◆ Task to complete ◆
Reproduce exactly, and only, the lines below from the one containing "Reinhold’s large-scale oil" through the one containing "А затем о старте".

◆ Material for the task ◆
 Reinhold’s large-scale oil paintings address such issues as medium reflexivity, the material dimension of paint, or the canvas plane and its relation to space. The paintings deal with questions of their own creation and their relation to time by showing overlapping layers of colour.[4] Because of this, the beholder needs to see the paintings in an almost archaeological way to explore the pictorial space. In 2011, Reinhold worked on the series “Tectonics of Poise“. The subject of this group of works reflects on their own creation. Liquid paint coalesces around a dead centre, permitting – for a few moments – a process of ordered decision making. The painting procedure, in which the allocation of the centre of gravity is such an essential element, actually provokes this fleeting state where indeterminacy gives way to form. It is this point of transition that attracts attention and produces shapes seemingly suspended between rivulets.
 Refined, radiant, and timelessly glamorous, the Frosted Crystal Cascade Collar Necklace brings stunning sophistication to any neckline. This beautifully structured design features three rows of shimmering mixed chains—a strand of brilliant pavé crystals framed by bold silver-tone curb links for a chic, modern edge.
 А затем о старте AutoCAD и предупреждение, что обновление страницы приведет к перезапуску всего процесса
--
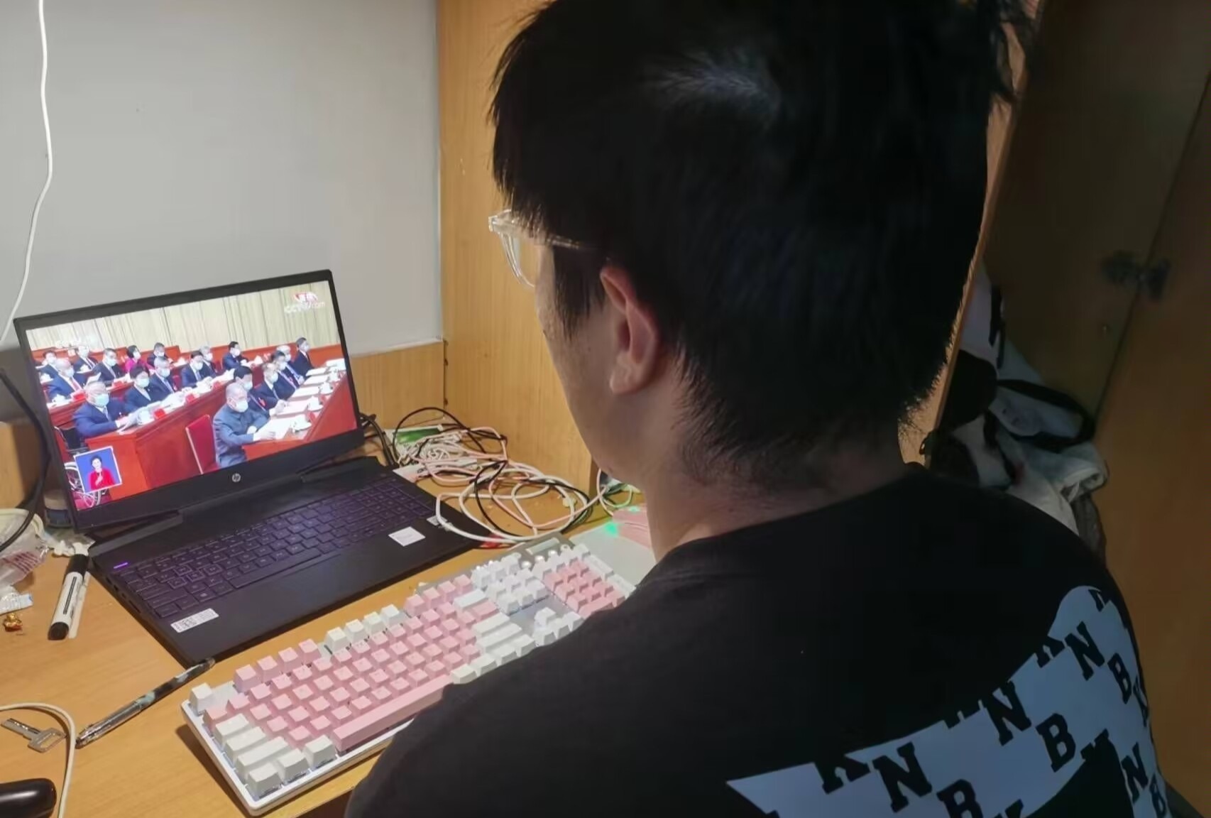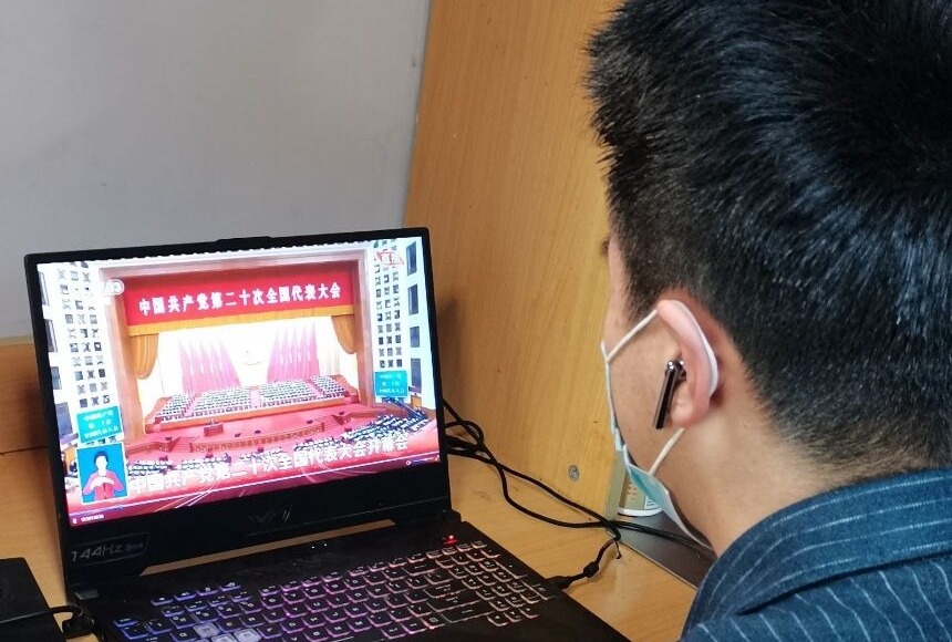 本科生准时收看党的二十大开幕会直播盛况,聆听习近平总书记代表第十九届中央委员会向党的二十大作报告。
...
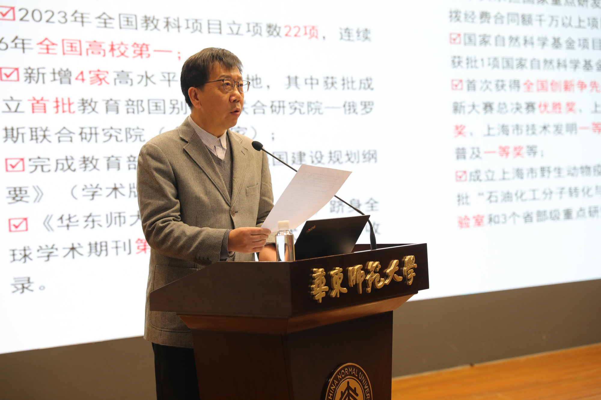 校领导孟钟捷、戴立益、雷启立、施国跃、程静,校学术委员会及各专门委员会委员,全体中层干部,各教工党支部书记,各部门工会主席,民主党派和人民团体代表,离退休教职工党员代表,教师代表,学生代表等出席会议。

◆ Answer to this problem ◆
 Reinhold’s large-scale oil paintings address such issues as medium reflexivity, the material dimension of paint, or the canvas plane and its relation to space. The paintings deal with questions of their own creation and their relation to time by showing overlapping layers of colour.[4] Because of this, the beholder needs to see the paintings in an almost archaeological way to explore the pictorial space. In 2011, Reinhold worked on the series “Tectonics of Poise“. The subject of this group of works reflects on their own creation. Liquid paint coalesces around a dead centre, permitting – for a few moments – a process of ordered decision making. The painting procedure, in which the allocation of the centre of gravity is such an essential element, actually provokes this fleeting state where indeterminacy gives way to form. It is this point of transition that attracts attention and produces shapes seemingly suspended between rivulets.
 Refined, radiant, and timelessly glamorous, the Frosted Crystal Cascade Collar Necklace brings stunning sophistication to any neckline. This beautifully structured design features three rows of shimmering mixed chains—a strand of brilliant pavé crystals framed by bold silver-tone curb links for a chic, modern edge.
 А затем о старте AutoCAD и предупреждение, что обновление страницы приведет к перезапуску всего процесса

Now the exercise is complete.